I’ve written about the ins and outs (and quirks) of the academic workplace for The Chronicle for the last five years. So there are some things about finding employment after graduate school that I just know to be true. Most people on the academic job market think landing a tenure-track position is a crapshoot. Many advisers can’t help their students find work outside of academe. And accurate information on Ph.D. placement is hard to come by.

But while doing the reporting for an article about how colleges should—but often don’t—collect Ph.D-placement data, I learned three critical things about graduate students and data on their job placement. Thanks to two dozen conversations I had with current and former sociology Ph.D. students and professors at the City University of New York’s Graduate Center, I now know that:

1. There are lots of ways to collect placement data. Some institutions count only tenure-track or visiting-professor positions. At some places, nonacademic employment doesn’t make the cut. Others debate whether it’s best to track placement two or three years after graduation, in hopes that former students will have settled into a “real” job by then. The truth—that an adjunct position is what awaits many new graduates, in the humanities in particular—is apparently too much to put on display. At the end of the day, not all placement data are created equal.

2. Many prospective students don’t even ask about a department’s placement data. This baffled me at first, since I’ve written so much about the tough academic job market. Why wouldn’t students do something as simple as asking questions about where graduates end up working and how long it takes them to get jobs? But then student after student at CUNY told me how they had been more focused on getting into a program in New York City, where they wanted to live. They had also been lured by certain professors and, of course, the right financial package. Yet once the students were admitted, placement information typically still wasn’t on their radar—until a job search loomed. As Zoe Meleo-Erwin, a recent Ph.D. graduate in sociology from the Graduate Center, put it: “There are so many things that are more pressing at the moment. You have to keep your focus on all the mini-hurdles.”

3. For some students, knowing about a program’s spotty placement record wouldn’t make them think twice about enrolling. That’s because it’s human nature for a person to believe that he will be the one who gets a tenure-track job right away at a great college, in a great city, and at great pay. One former sociology Ph.D. at the Graduate Center said that, while applying to graduate schools, she “had this narrative in my mind that I would go to school for seven years and then there would be a job as a professor on the other end for me.” She held a one-year visiting-professor position at a college in New York State before getting hired as a tenure-track professor at a public institution in New England. Still, she said, “I wish somebody had told me the reality. But I don’t know that it would have made any difference to me.”

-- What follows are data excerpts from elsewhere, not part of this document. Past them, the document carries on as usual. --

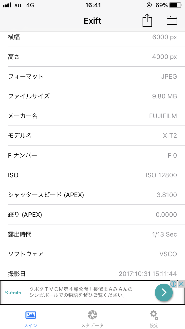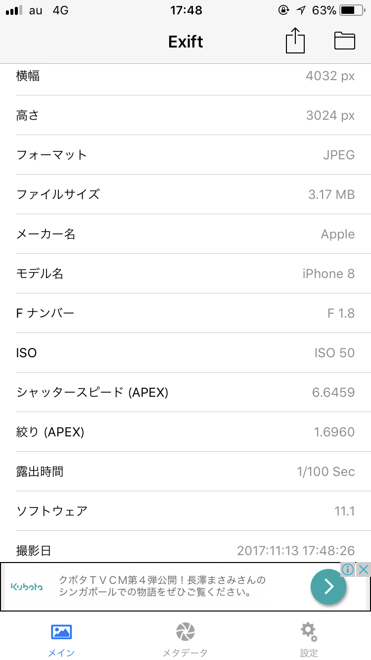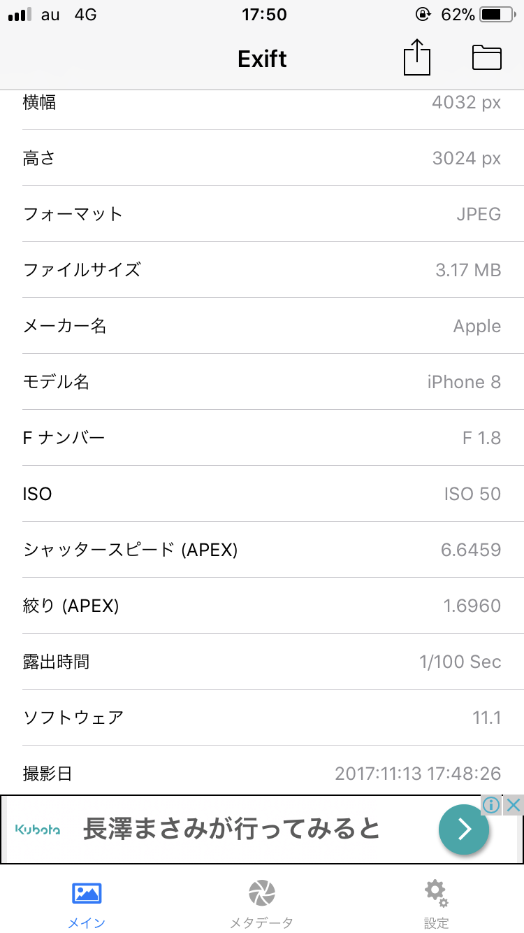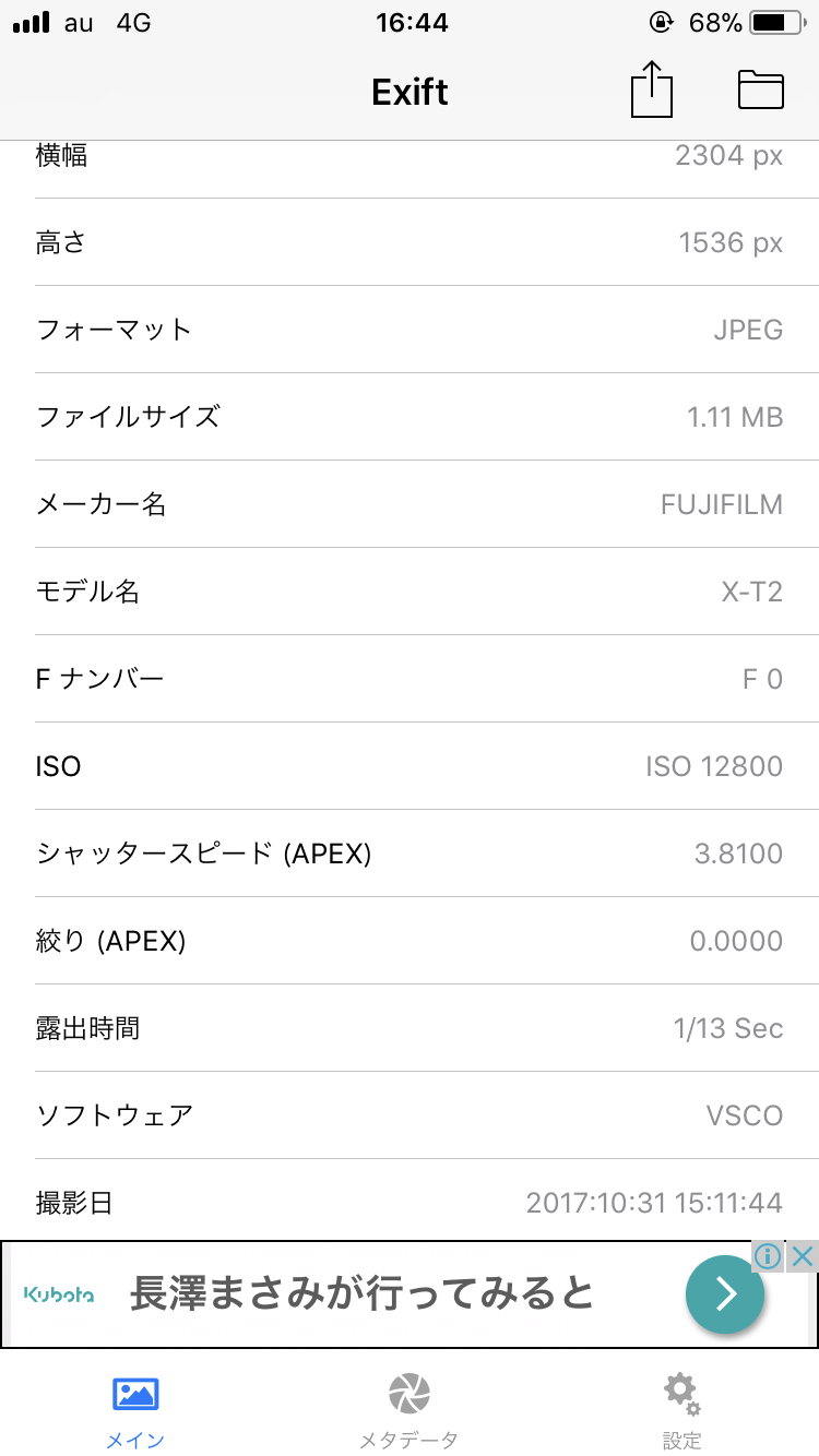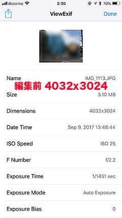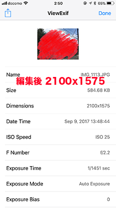 オリジナルサイズでカメラロールに保存後、アプリを使ってサイズを一応確認。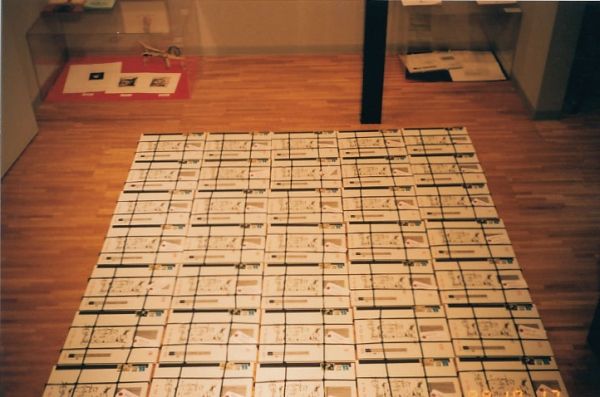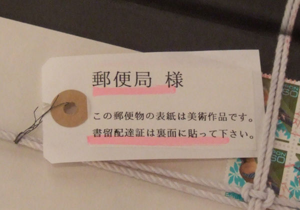 色とりどりの記念切手がデザイナー(北澤敏彦さん)の指示で決められた位置に貼られ、毎月違う色に染められた紐(凧糸)で縛られて完成した「美術品」を郵便局に運び込み、「書留」のスタンプを捺してもらい(これも絵にかからぬよう郵便局員さんに場所を指示して)郵送しました。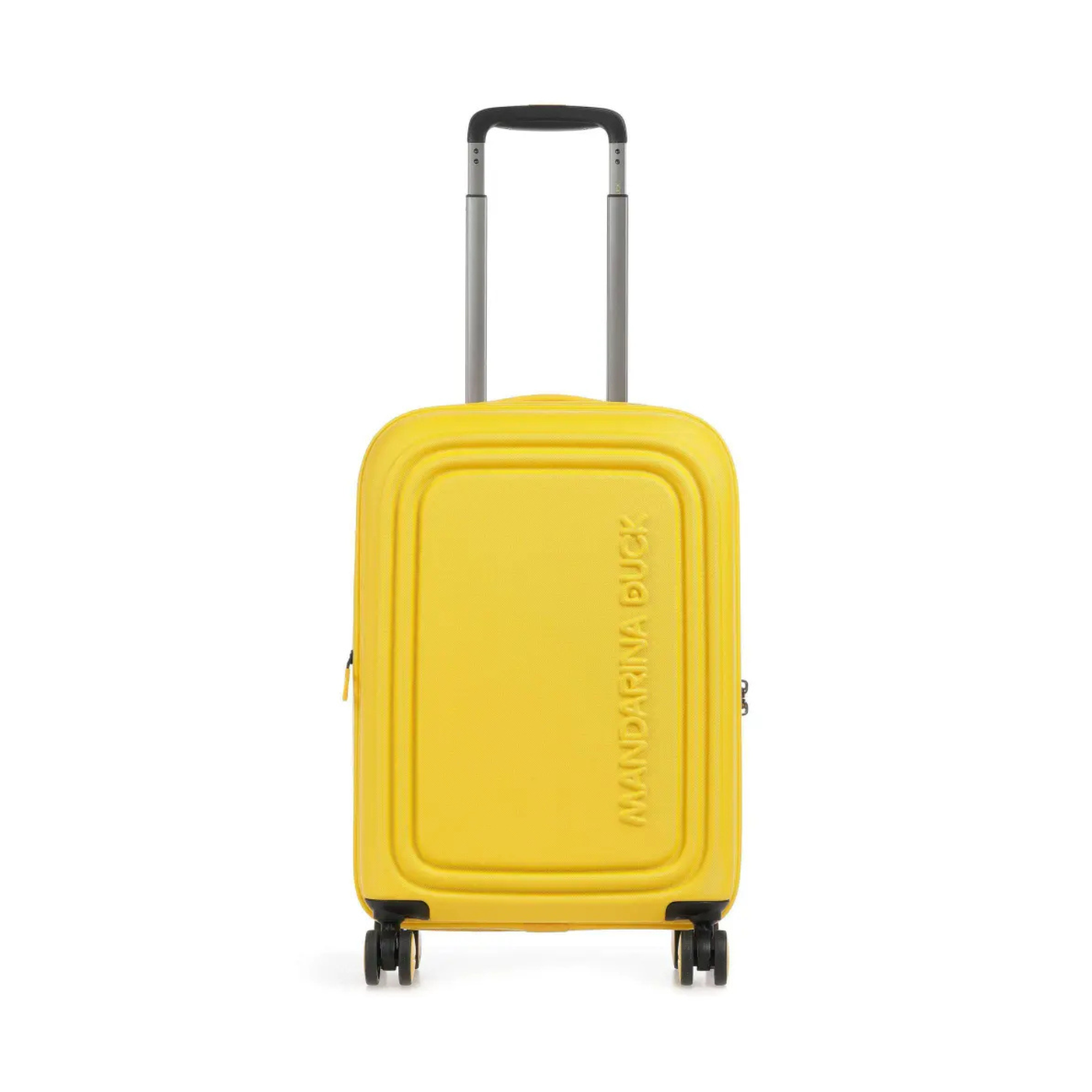 Mandarina Duck Yellow Trolley Suitcase. Yellow trolley suitcase closes with two-way zip front closure (lockable closure), one handle, two telescopic. Retractable handles, TSA combination lock and expandable size.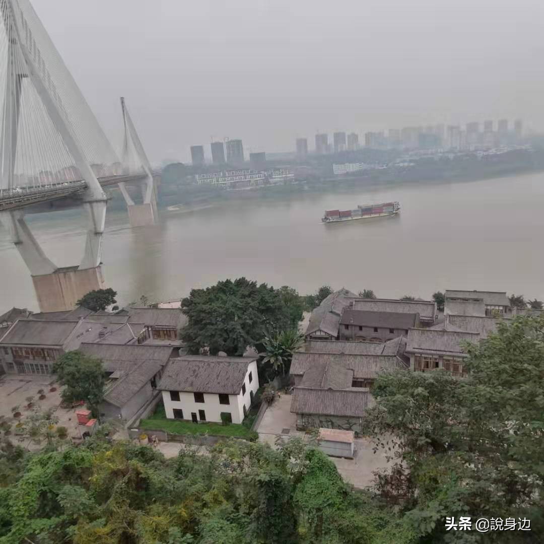 沿古镇前行,有一个公园还不算小,许多家长带着小孩正兴致勃勃地游玩,再向前走,一条羊肠小道直通江边,是休闲好去处。江面轮船伴着汽笛声慢慢驶过,江边渔夫正绕有兴致地钓鱼,头顶的马桑溪大桥雄伟屹立。

It’s easy to make the case that the road from Ph.D. program to employment has many of the same pitfalls today as it did 20 or more years ago. But Dean B. Savage, who has collected placement data on nearly 500 sociology Ph.D.’s at the Graduate Center, hopes that soon more colleges will follow his lead, to make the journey easier for students.

Said Mr. Savage, a professor of sociology at Queens College: “The time has come for programs to do this.”